## INSTRUCTIONS FOR THE TASK
From the listing below, restate word for word the lines from the line containing "4月11日中午,汽机学院学生" down through the line containing "1、進入游戲平臺APP首頁,有推薦、排行". Exclude pictures.

## RECORDS SHOWN
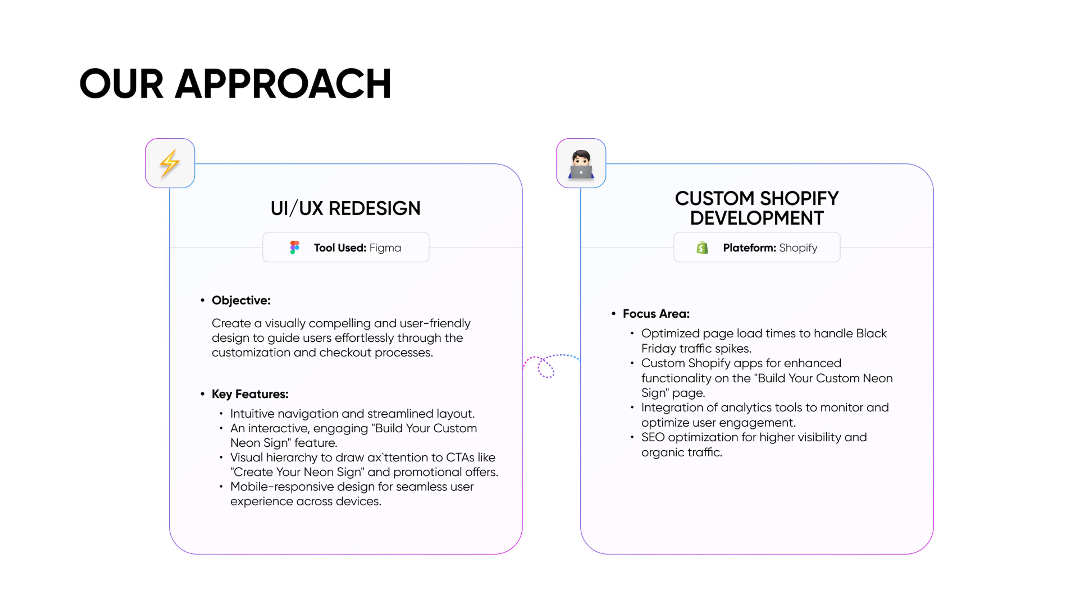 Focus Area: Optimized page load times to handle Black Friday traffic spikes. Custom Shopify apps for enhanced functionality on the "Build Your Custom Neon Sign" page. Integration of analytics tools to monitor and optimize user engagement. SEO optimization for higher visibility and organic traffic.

---

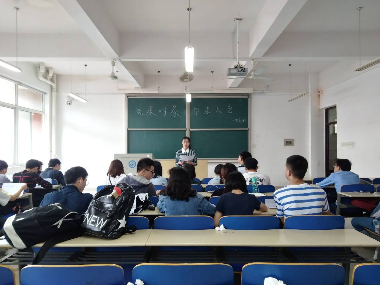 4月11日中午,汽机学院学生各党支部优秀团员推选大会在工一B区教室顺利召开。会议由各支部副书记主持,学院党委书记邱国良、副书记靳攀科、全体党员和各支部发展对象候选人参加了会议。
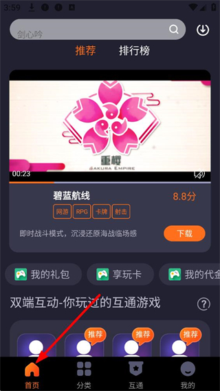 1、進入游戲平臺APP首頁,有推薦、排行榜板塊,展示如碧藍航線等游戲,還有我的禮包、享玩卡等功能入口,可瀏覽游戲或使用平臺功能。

## REPLY
 4月11日中午,汽机学院学生各党支部优秀团员推选大会在工一B区教室顺利召开。会议由各支部副书记主持,学院党委书记邱国良、副书记靳攀科、全体党员和各支部发展对象候选人参加了会议。
 1、進入游戲平臺APP首頁,有推薦、排行榜板塊,展示如碧藍航線等游戲,還有我的禮包、享玩卡等功能入口,可瀏覽游戲或使用平臺功能。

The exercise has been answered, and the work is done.